She laughed. “Oh, I don’t think that’s true.”

We had a nice talk about what people want out of their jobs and then I left.

“Well, I hope you weren’t surprised that you had the highest score,” said my mother.

We went to the French bakery on Eight-Mile Road and got cookies called elephant ears. We ate them out of a bag as we drove. I felt so comfortable, I could have driven around in the car all day.

Then we went to a lawyer’s office on Telegraph Road. It was a receding building made of orange brick. There were no other houses or stores around it, just a parking lot and some taut fir trees that looked like they had been brushed. My mother waited for me in the car. She smiled, took out a crossword puzzle and focused her eyes on it, the smile still gripping her face.

The lawyer was a short man with dark, shiny eyes and dense immobile shoulders. He took my hand with an indifferent aggressive snatch. It felt like he could have put his hand through my rib cage, grabbed my heart, squeezed it a little to see how it felt, then let go. “Come into my office,” he said.

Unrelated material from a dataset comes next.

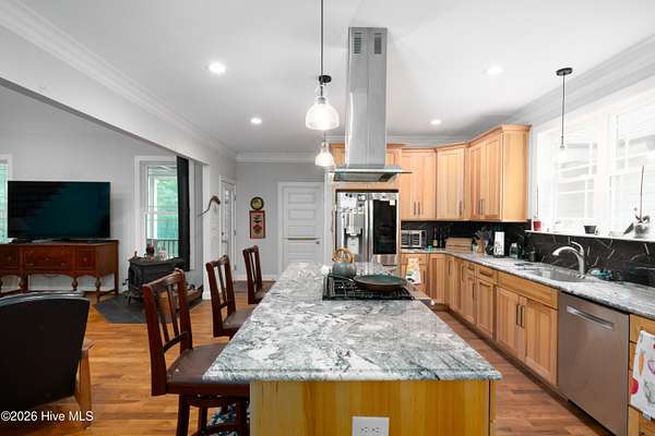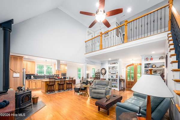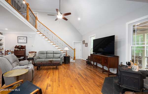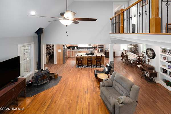 - Bookcases, Ceiling Fan(s), Entrance Foyer, Generator Plug, High Ceilings, Kitchen Island, Master Downstairs, Mud Room, Pantry, Solid Surface, Vaulted Ceiling(s), Walk-In Closet(s), Walk-In Shower, Wood Burning Stove

We sat down and he fixed his eyes on me. “It’s not much of a job,” he said. “I have a paralegal who does research and leg-work, and the proofreading gets done at an agency. All I need is a presentable typist who can get to work on time and answer the phone.”

“I can do that,” I said.

“It’s very dull work,” he said.

“I like dull work.”

He stared at me, his eyes becoming hooded in thought. “There’s something about you,” he said. “You’re closed up, you’re tight. You’re like a wall.”

“I know.”

My answer surprised him and his eyes lost their hoods. He tilted his head back and looked at me, his shiny eyes bared again. “Do you ever loosen up?”

The corners of my mouth jerked, smile-like. “I don’t know.” My palms sweated.

His secretary, who was leaving, called me the next day and said that he wanted to hire me. Her voice was serene, flat and utterly devoid of inflection.

“That typing course really paid off,” said my father. “You made a good investment.” He wandered in and out of the dining room in pleased agitation, holding his glass of beer. “A law office could be a fascinating place.” He arched his chin and scratched his throat.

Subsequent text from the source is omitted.